Solar Citizens states that rooftop solar was providing more capacity at the demand peak than would have been offered by the now-closed Northern coal-fired power station in Port Augusta.
Because of the rooftop solar capacity, and because a large chunk of it is consumed on site within the household or business that has installed the solar, grid demand (the part that needs to be actively managed by the grid operator) did not actually peak until after 6pm on both a Thursday and Friday in mid-January.
On that Thursday, solar owners produced more power than the capacity of the now-closed Northern coal-fired power station in Port Augusta (see top graph, courtesy of Dylan McConnell of the Climate and Energy College) when grid demand would have peaked just after 3pm on Thursday without the state’s solar.
“Without solar, demand on the grid would have peaked just after 3pm on Thursday,” Dan Spencer, the South Australia campaigner for Solar Citizens said in a statement.
“Instead, rooftop solar provided more power than the now-closed Northern power station in Port Augusta, keeping the lights on with clean energy.”
And on Friday, he noted, rooftop solar reduced the peak by 358.6MW “far exceeding the capacity of the government’s new backup generators.”
Indeed, as energy analyst Simon Holmes a Court notes in this separate piece, the emergency back-up diesel generators ordered by the South Australia government have yet to be switched on, despite claims by federal energy minister Josh Frydenberg.
The results from the rooftop solar capacity in South Australia are not unusual.

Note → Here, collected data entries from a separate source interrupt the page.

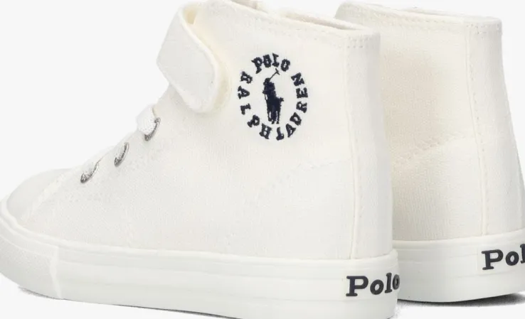 Deze hoge sneaker FORRESTER HI PS van Ralph Lauren is gemaakt van wit canvas textiel en heeft donkerblauwe accenten. Opvallend zijn de zilverkleurige veterringen met reliëf, het donkerblauwe geborduurde merkembleem aan de zijkant en het merkembleem op de hiel. Je stapt er gemakkelijk in en uit dankzij de elastische veters en trekt ‘m strakker door de klittenbandsluiting. De voering is gemaakt van textiel en heeft een vast voetbed. De rubberen zool heeft een gripvast profiel en zorgt voor voldoende steun en stabiliteit!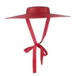 GEMVIE Black Wide Brim Flat Top Straw Hat Summer Hats For Women Ribbon Beach Boater Fashionable Sun Hat With Chin Strap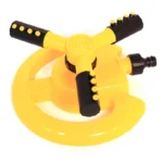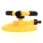 This yellow disc base sprinkler – a decorative garden sprayer, rotates 360° and offers two spray modes – straight and oblique – for flexible watering. Each spray bar is equipped with four nozzles at different angles, ensuring that the water flow is evenly distributed throughout the garden. Inspired by the propeller design, the three-way layout maximizes coverage and irrigation uniformity. Made of high-quality ABS material, the streamlined ground-hugging base works reliably on any terrain.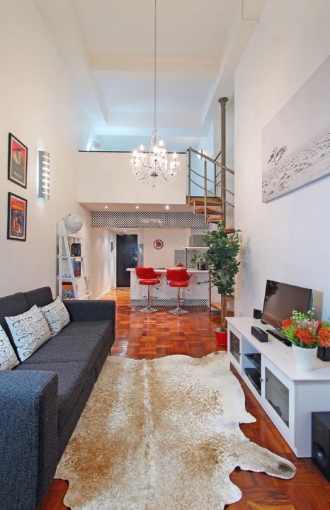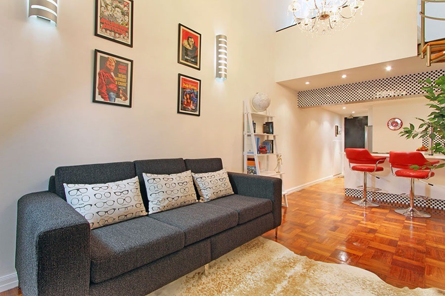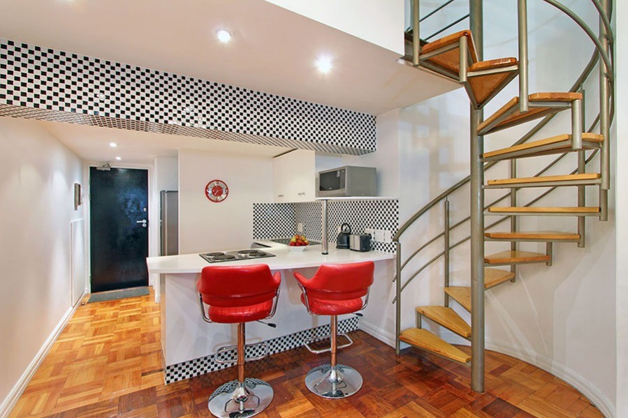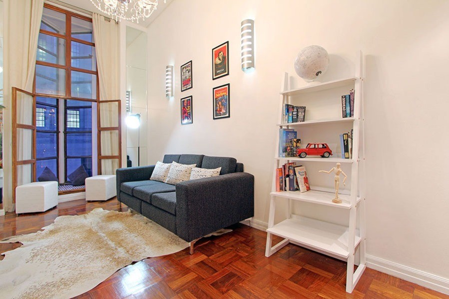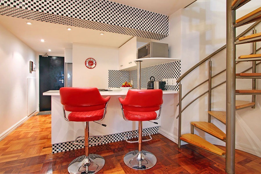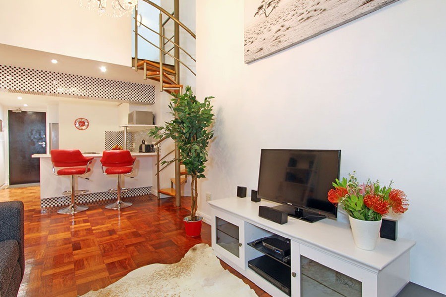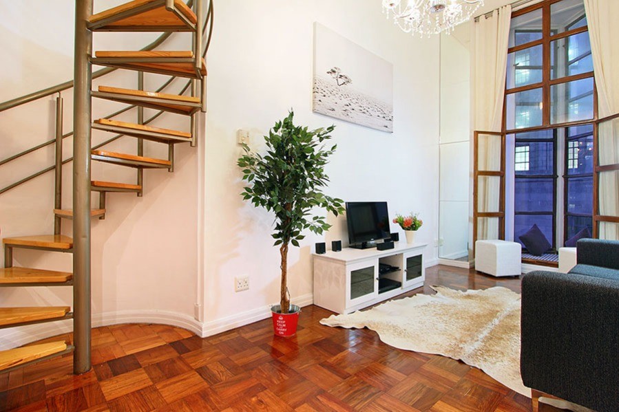 This art deco feature of Mutual Heights, along with double-volume ceilings, tall windows, parquet floors and a spiral staircase combine to give you a Cape Town holiday base with a lot of style.

State network operators and grid owners have reported for the last few years that rooftop solar has pushed back the peaks from mid to late afternoon to early evening.
And, for the first time in more than a century of grid power supplies, it is the customers who are having a major influence on this – a phenomenon that is set to grow as rooftop solar and other “distributed generation” grows to near 50 percent of all supply within a few decades.

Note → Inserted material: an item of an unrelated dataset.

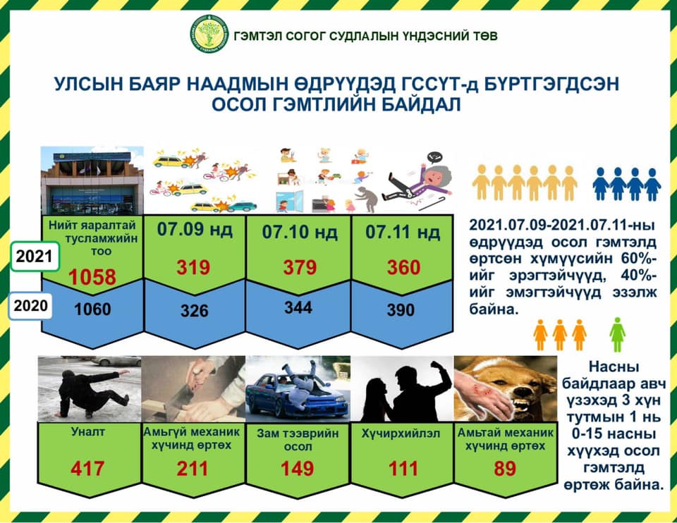 | Наадмын өдрүүдэд 1058 осол, гэмтлийн дуудлага бүртгэгджээ |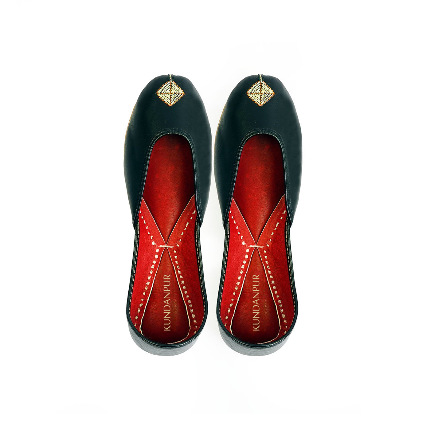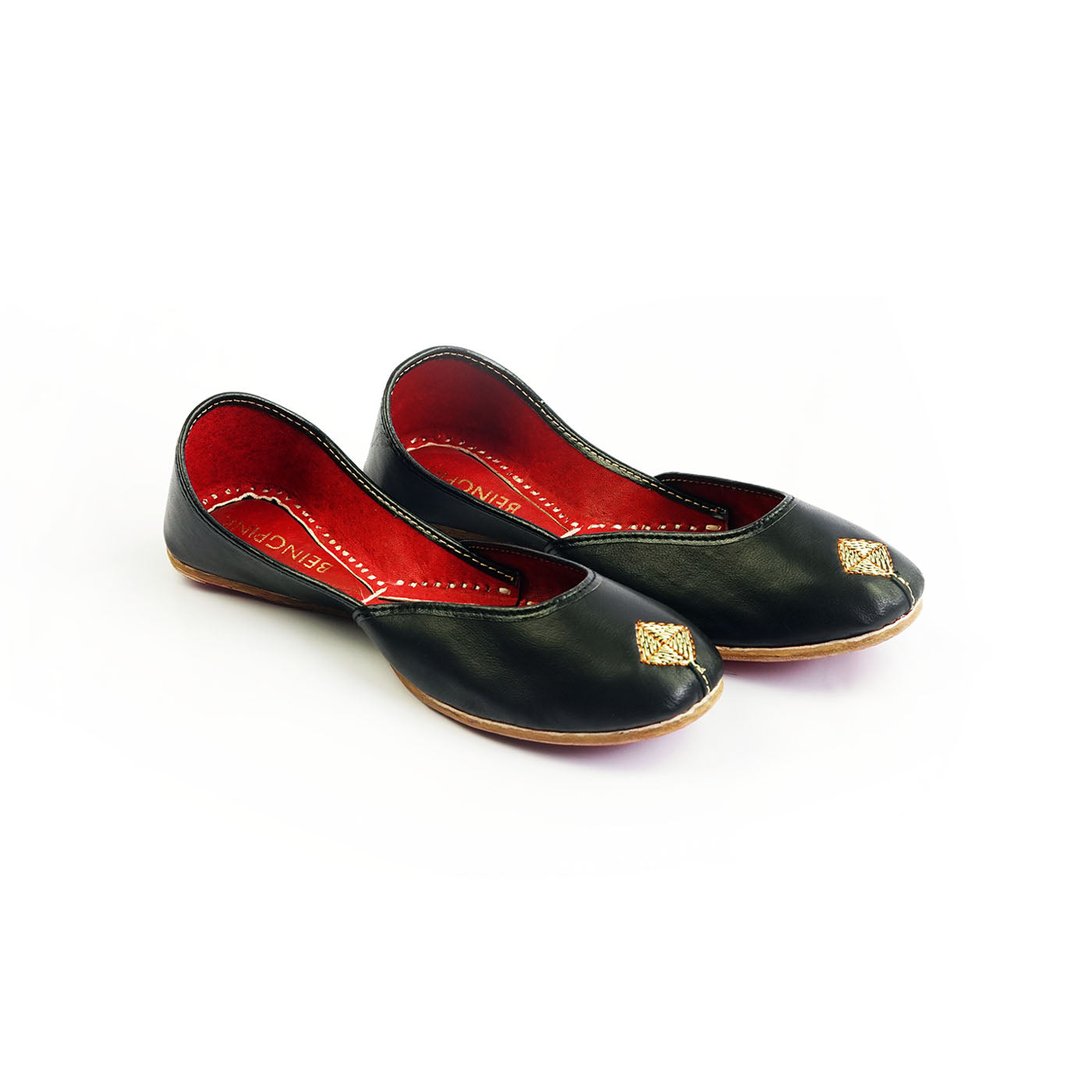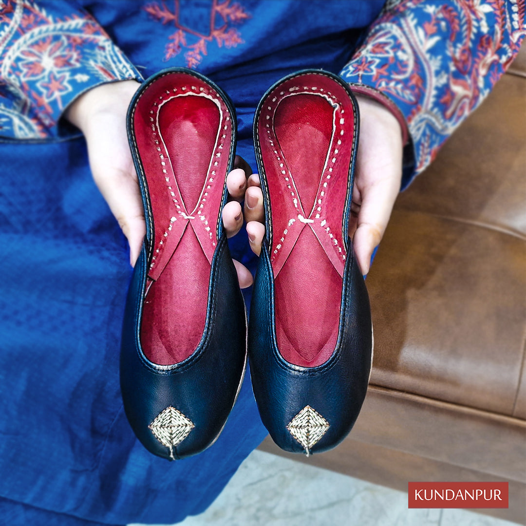 A refined and elegant daily wear Jutti with beautiful Tika design. Outsole is made of Cow hide. In sock and inner linings are finished with real goat leather. With soft inner padding, Comfortable and Durable.

“Everyday people generating their own clean power meant that peak demand was pushed back by more than 4 hours until after 7pm on Thursday and by nearly 3 hours on Friday,” Spencer wrote.
Spencer said the failure of Victorian coal plant Loy Yang B during the heatwave on Thursday highlights the need for South Australia to continue investing in renewable energy with storage.
“The failure of Victorian coal during the heatwave meant prices went up for South Australians. With a state election just around the corner, we’re calling on all parties to increase South Australia’s renewable target to bring more local renewables with storage to SA.
“Along with raising South Australia’s renewables target, we’re calling on all South Australian politicians to do more to make cost-cutting rooftop solar accessible to all South Australians,” Spencer said.
“More accessible solar means that more people will be able to take back control of their electricity bills while helping to safeguard the grid.”
South Australia has some 730MW of rooftop solar across the state, and is about to become a major player in utility-scale solar, with the opening of the 6MW Whyalla solar farm, and another 500MW being built or planned at Bungala (Port Augusta), Whyalla steel, and Tailem Bend.
Spencer has been a key campaigner for the Aurora solar thermal project, which will deliver 150MW of capacity, and more than 800MWh of storage, from a new solar tower and molten salt storage facility near Port Augusta.
The Port August office for US developer SolarReserve, is to be formally opened by Premier Jay Weatherill on Tuesday.